Hydrolysable ATP is a requirement for the correct interaction of molecular chaperonins cpn60 and cpn10.

Biochem J

The National Centre for Macromolecular Hydrodynamics, School of Biological Sciences, University of Nottingham, Sutton Bonington Campus, Loughborough, Leicester LE12 5RD, UK.

Published: June 2002

Over recent years the binding ability of the molecular chaperone cpn60 (GroEL14) and its co-chaperone cpn10 (GroES7) has been reported to occur under an assortment of specific conditions from the use of non-hydrolysable ATP analogues (namely adenosine 5'-[gamma-thio]triphosphate) to requiring hydrolysable ATP for any interaction to occur.
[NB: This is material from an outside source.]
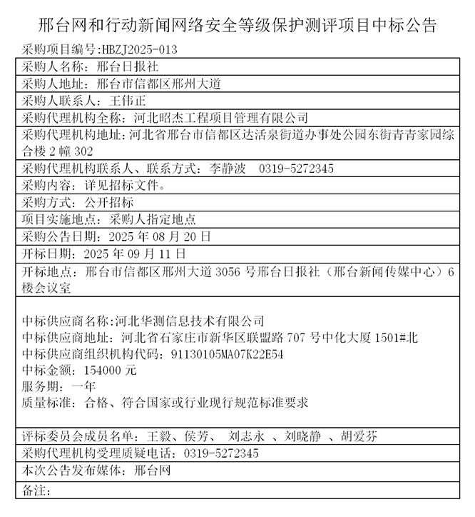 邢台网和行动新闻网络安全等级保护测评项目中标公告

We have investigated this further using the molecular hydrodynamic methods (hydrodynamic bead modelling, sedimentation-velocity analytical ultracentrifugation and dynamic light-scattering), allowing the process to be followed under physiologically relevant dilute solution conditions, combined with absorption spectrophotometry to determine GroES7-GroEL14 interaction through the rate inhibition of the cpn60's ATPase activity by GroES7. The results found here indicate that the presence of hydrolysable ATP is required to facilitate correct GroES7 interaction with GroEL14 in solution.